News | Gender neutral, but not equal

Human rights lawyer Pearl Eliadis on the legal challenges women still face in Canada

Pearl Eliadis is a Montreal-based lawyer who specializes in human rights and development. She has previously sat on the Ontario Human Rights Commission and served as president of the Equitas International Centre for Human Rights Education. Eliadis is currently the president of Shield of Athena, a local non-profit organization that provides legal assistance and social services to survivors of domestic violence.

McGill Daily: What do you see as the biggest challenges or frustrations in human rights work?
Pearl Eliadis: Something that has been an obstacle is that, although Canada is an actor in the international sphere, we have not [always complied with international norms]; and this has been an area of frustration for many human rights lawyers who are receptive to human rights arguments about issues here. That has happened over religious schooling in Ontario, where the UN issued recommendations around religious schooling, suggesting that it was discriminatory, [but] was completely ignored by the Harris government at the time. It’s also happened with the Bill-101 decisions here; issues around aboriginal women, particularly the disappearance of aboriginal women in western Canada; the difficulty outside of Quebec to see human rights and poverty as being related issues; and the conservative backlash against human rights.

MD: What do you think are the main women’s rights issues in Montreal and Canada?
PE: [At] the federal level, I think the Tories and Liberals are not doing a good job at bringing women into politics. Meaningful access of women into policy and politics is a big problem in this country, particularly at the two major federal parties. Access of women to politics is an issue in Canada and an issue internationally…. One of the case studies I’m going to talk about on Friday is actually a Kenyan woman, who went into politics and was very badly beaten and attacked when it looked like she was doing well in her constituency.

Access to day care is something that we had on the agenda for a little while, but with the Conservatives it has fallen off the table…. When the Conservatives start talking about giving money to women instead of day care, the problem is that [they are] not giving women the money that allows them to pay for a year of day care. [They are] giving them enough money to pay for one month of day care. I think that’s a major issue for women, and we have not been good in this country about moving forward on that agenda, I think this is fundamental to women’s equality.

The third issue in Canada is the abandonment of the court challenges program, again unfortunately by the Tories. Most of the developments in terms of substantive equality in the women’s movement, many of them happen because the federal government had a program where law clinics and equality seeking groups could seek funding to challenge or to bring forward different progressive ideas of the law. That program has been abandoned, and that has affected our capacity to move forward on equality issues, including women’s issues.
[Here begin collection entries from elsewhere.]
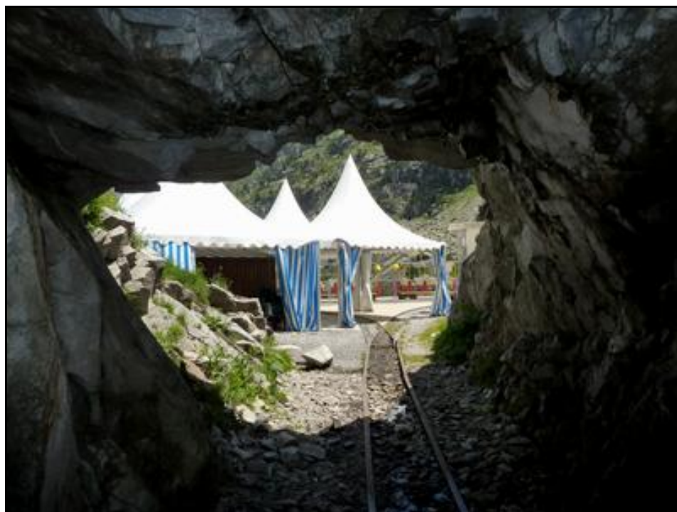
A l'arrière-plan, la gare d'arrivée du petit train touristique
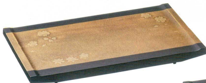
3-517-01 1204052 【A】尺0寸豊洲盛台 春秋みなも金彩裏黒乾漆塗 ¥6,900 300×180×H32 梱40
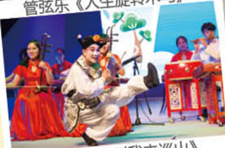
民乐《大王叫我来巡山》
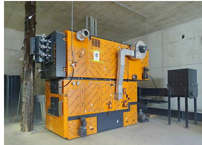
Heizung (HV Weieracker)
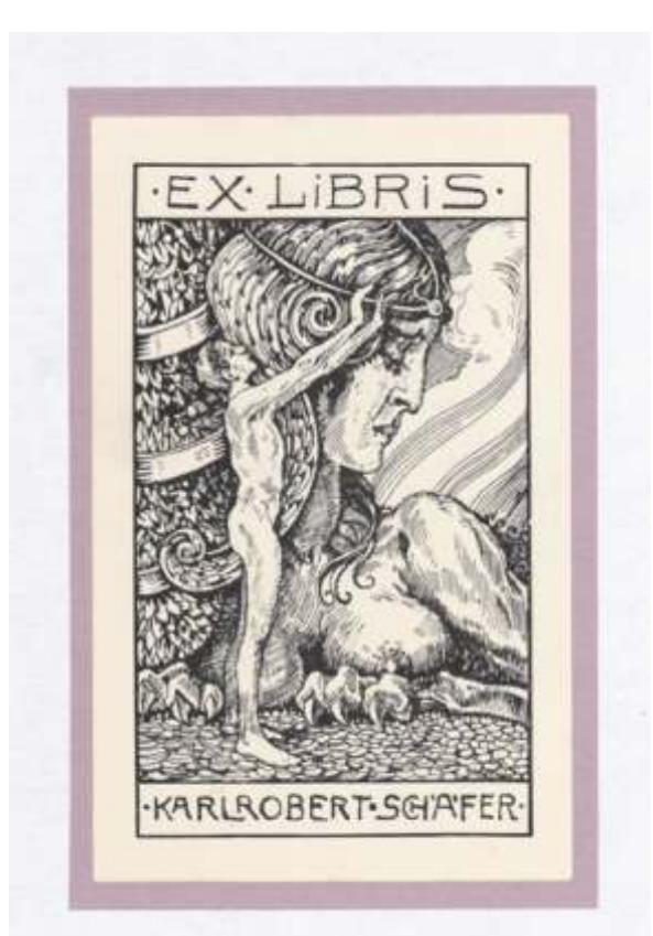
Karlrobert Schäfer F. Schneider, visoka jedkanica, 1918 79 x 46 mm (21)

The fourth issue is the current attack on the Human Rights Commission. Many of the developments that we have had in terms of making workplaces safer for women, free of sexual harassments, and free of discrimination have happened as a result of the Human Rights Commission. The right wing has launched a successful campaign through bloggers to shut down the Human Rights Commission, because they fundamentally oppose equality rights. And the progressive left has been almost completely silent on this issue. I think that’s a direct danger to women’s rights.
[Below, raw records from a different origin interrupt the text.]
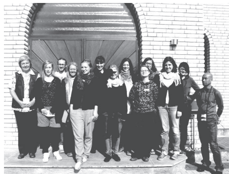
Moscheebesuch in Paderborn am 17.9.2011

Mittlerweile gibt es eine ganz beachtliche Steinesammlung und eine neue Be-
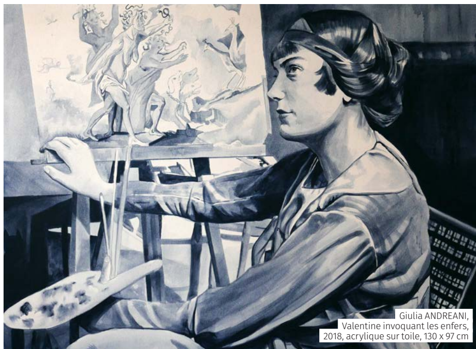
Giulia ANDREANI, Valentine invoquant les enfers, 2018, acrylique sur toile, 130 x 97 cm
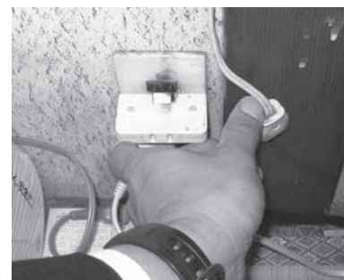
防火防災診断で、焼け焦げたコンセントが見つかりました

今後も、多くの方に「防火防災診断」をご利用いただき、安心して暮らせるまちをつくっていきます。
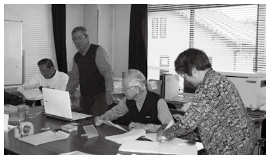
▲点訳物を校正しています

MD: How do gender-neutral laws perpetuate inequality?
PE: When we talk about equality, we’re not talking about formal equality; we’re talking about substantive equality. What I mean by formal equality is a rule that goes something like this, ‘Everybody who is going to work in this workplace has to work for three consecutive years, and if they take off more than two months at a time, then they’re going to be fired.’ Everybody’s the same, right? But what does this do to women of child-bearing age? So in fact, none of these rules are really neutral…. Gender neutrality is actually not the objective. The objective is making sure that from a qualitative perspective, you have social structures and laws in place that allow people – women, men, people with disabilities, and so on – to live fulfilling lives. I challenge the notion of gender neutrality, because I actually don’t think there is such a thing. I think that a lot of the laws and traditions we’ve developed have been developed because we have a particular work ethic that came from the Victorian period and the early industrial age, and that has been changed by the reality of women entering the workforce.

—compiled by Stephanie Law

Eliadis lecture “Women’s Rights as Human Rights: How Are We Doing Today?” will take place at 11:30 a.m. tomorrow in room 202 of Chancellor Day Hall.